I still ordered my hot chocolate though, against all common sense.

But today felt hazy.

I didn't have the motivation to do anything productive. 

I had an essay due by Tuesday at 2 pm, and usually, I wasn't the type to procrastinate, but today just felt like a smokescreen was covering it.

The outside world looked, and felt, blurry.

I let out a sigh. Of course, everything felt hazy. I barely got two hours of sleep.

My insomnia was kicking in once more.

You used to help me deal with it, staying by my side when I couldn't fall asleep, and playing your guitar for me at 3 in the morning even if you were exhausted.

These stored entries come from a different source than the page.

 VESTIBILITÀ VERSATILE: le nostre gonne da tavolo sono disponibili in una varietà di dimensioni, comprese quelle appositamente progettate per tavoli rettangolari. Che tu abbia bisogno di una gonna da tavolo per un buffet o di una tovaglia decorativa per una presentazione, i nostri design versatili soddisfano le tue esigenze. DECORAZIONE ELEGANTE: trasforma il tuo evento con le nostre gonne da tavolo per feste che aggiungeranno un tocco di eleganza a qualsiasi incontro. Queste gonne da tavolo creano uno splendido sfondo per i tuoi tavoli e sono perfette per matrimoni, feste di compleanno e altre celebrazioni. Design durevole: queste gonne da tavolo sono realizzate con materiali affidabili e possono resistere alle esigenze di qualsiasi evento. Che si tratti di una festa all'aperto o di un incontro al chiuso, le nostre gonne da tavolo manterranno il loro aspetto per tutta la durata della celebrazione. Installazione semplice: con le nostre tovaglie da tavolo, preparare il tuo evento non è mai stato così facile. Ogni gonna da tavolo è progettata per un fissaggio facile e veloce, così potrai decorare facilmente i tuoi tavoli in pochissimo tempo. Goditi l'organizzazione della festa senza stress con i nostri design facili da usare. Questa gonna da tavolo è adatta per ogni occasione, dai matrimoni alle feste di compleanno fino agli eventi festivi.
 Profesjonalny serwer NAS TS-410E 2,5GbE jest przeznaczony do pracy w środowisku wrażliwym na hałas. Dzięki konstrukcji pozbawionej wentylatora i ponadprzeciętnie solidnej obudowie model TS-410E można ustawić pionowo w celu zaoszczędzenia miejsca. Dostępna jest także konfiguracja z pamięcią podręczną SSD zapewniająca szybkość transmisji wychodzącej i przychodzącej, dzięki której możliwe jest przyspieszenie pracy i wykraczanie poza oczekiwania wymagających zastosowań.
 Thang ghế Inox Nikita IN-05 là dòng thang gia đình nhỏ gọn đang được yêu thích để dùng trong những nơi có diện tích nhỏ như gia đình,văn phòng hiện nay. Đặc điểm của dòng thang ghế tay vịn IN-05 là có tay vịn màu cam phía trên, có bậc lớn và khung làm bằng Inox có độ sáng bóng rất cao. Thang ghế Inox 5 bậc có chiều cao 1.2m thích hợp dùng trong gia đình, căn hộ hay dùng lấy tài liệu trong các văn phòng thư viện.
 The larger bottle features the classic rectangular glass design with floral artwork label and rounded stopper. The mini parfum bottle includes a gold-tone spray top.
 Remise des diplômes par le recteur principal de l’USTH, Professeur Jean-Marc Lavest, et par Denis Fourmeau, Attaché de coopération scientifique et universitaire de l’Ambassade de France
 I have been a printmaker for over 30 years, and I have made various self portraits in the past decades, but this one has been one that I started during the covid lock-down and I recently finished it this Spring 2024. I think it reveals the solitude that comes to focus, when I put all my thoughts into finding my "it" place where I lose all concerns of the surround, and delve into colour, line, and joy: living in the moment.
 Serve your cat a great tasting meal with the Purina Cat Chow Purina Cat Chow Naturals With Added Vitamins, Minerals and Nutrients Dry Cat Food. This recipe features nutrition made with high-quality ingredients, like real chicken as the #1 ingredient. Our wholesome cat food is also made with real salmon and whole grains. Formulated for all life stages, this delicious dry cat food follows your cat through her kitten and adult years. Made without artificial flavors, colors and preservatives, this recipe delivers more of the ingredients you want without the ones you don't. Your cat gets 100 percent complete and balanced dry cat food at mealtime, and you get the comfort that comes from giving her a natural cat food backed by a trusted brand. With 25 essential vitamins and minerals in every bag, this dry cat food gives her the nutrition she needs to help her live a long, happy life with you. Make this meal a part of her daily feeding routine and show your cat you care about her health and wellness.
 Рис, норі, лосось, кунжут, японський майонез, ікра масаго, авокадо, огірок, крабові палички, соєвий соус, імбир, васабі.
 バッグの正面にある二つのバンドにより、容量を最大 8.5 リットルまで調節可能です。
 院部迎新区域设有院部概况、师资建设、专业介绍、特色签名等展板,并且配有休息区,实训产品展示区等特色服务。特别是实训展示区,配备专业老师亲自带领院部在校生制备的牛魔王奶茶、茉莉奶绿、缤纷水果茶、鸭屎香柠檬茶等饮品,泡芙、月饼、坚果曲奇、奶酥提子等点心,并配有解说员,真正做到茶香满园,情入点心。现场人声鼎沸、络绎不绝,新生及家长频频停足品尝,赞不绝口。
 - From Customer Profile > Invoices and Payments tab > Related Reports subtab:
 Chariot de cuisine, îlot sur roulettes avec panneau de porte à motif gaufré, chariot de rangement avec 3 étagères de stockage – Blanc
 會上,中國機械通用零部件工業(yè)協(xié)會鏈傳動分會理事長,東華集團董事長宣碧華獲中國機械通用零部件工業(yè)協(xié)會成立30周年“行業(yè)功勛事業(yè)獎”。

I used to take medication for it, and it helped, but it also made me feel a lot more sleepy...and I couldn't afford to feel tired during lectures, so I stopped taking the medicine. I slept fine the past few weeks too, so it's strange that it's coming back now.

I rub my tired eyes, and inhale the sharp coffee scent of the cafe, letting it replenish my energy.

The barista handed me my usual hot chocolate with a smile.

"I added a shot of espresso. The hot chocolate overpowers it, so don't worry about the flavor." She explained, beaming.

"Thank y-"

"Don't thank me, you just looked really exhausted. I should take care of customers, and you're a regular, so I'm obligated. And don't worry about the cost, today it's on the house." she reassured me.

I peeked at her nametag.

Aveena

I gave her a warm smile and gave myself a mental reminder to put some extra money into the tip jar.

Such a nice girl...

I wonder if you would like her.

You always said that if you had a daughter, she'd have to have a kind heart, good morals, and a strong voice in what she believes in. You said that if you had a son, he'd have to have respect, in a gentlemanly way, and a good amount of knowledge with street smarts and book smarts.

And you wanted them to play an instrument.

Preferably guitar.

You loved the guitar since you were seven and loved it even more as you got older. I still remember how we would spend some of our days just on the porch, me reading on the rocking chair and you on a bench, strumming your guitar and humming a tune.

Sometimes I would give a request and you would play the song to me, the two of us singing duets. The only good sounding part being your guitar playing because our singing was purposely off the pitch and way too loud.

I prop my laptop open, my trail of thoughts coming to a stop.

An email again.

Hey,

Remember when we first got together? And your ex-boyfriend? My god, he was such a jerk. Those were hard times, but we got through it, so why weren't we able to handle a little separation?

~Me

P.S. I remember what happened. It was the best moment of my entire life, to be honest. It'll definitely always be engraved in my memory.

P.P.S., Of course, I remember your favorite color. Most of your clothes were Prussian blue, and you never stopped talking about how much you loved Prussian blue and lilac color themed stationery. Plus, you always jabbed at me when I called your favorite color Russian blue instead of Prussian blue.